The Package Became the Computer.Original analysisNot investment advice
Dojo was not just a chip. It was Tesla’s attempt to make a training computer out of packaging, power delivery, cooling, interconnect, SRAM, and software. In 2026, the dedicated Dojo story looks weaker because Tesla shifted toward AI5 and AI6. But the core insight aged well: AI scaling is moving from chip-level performance to package-level and rack-level integration. The package is becoming the computer.
In 2021, Tesla revealed Dojo. The easy headline was: Tesla built an AI chip. That was not the real story. The real story was stranger. Tesla built a training surface.
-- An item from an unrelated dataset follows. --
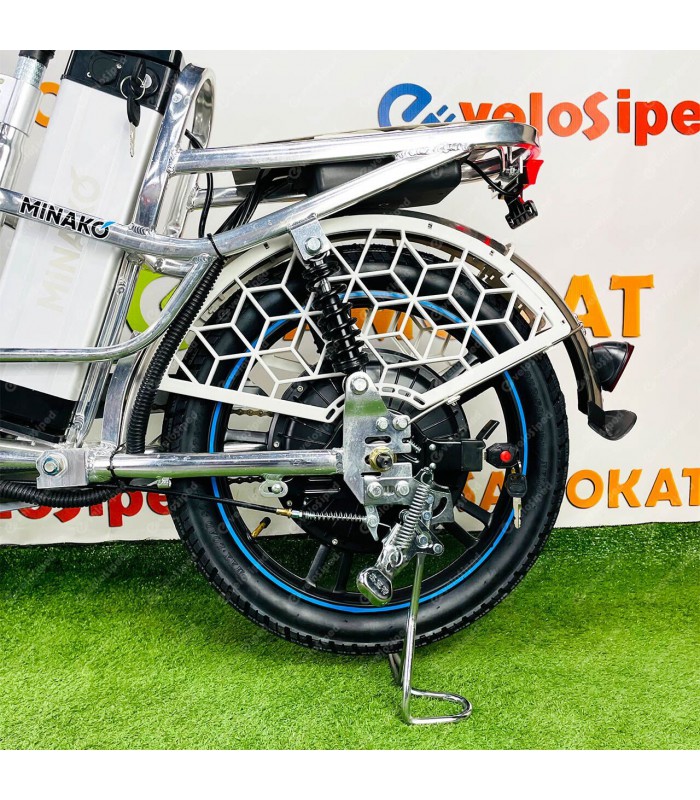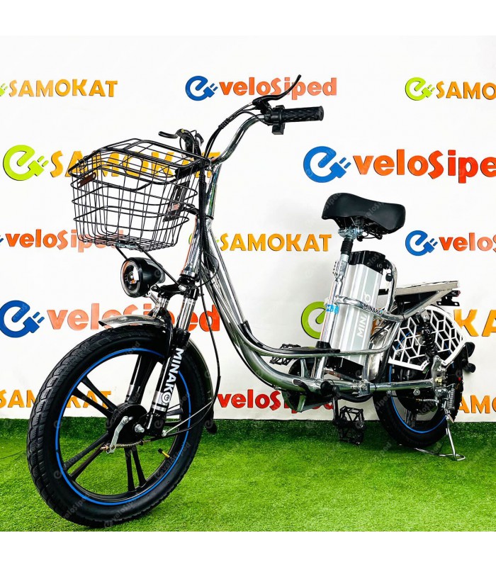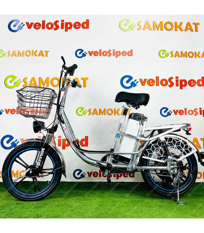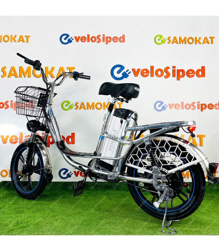 Велосипед Minako V8 Pro 15Ah специально разработан для перевозки грузов, работы в курьерских службах, для загородных и городских поездок. Крепкая конструкция рамы, дополнительные ребра жесткости и крепкие литые диски позволяют нагружать велосипед до 150 килограмм (с учетом веса человека).

A D1 chip mattered, but the chip was not the unit of scale. The uploaded SemiAnalysis article made this clear: Dojo’s real unit of scale was the training tile, a 25-chip fan-out wafer package designed to behave like one giant compute plane.1
That is why Dojo mattered. Not because Tesla made another accelerator. Because Tesla tried to make packaging, power delivery, cooling, and software part of the accelerator itself.
Tesla Dojo was an early, extreme version of the problem every AI hardware company now faces: scaling AI compute is not just about faster chips. It is about packaging, interconnect, memory locality, power delivery, cooling, software, and workload fit. The dedicated Dojo path looks less central after Tesla shifted toward AI5 and AI6, but the system-level lesson aged well. AI hardware is becoming package-scale and rack-scale.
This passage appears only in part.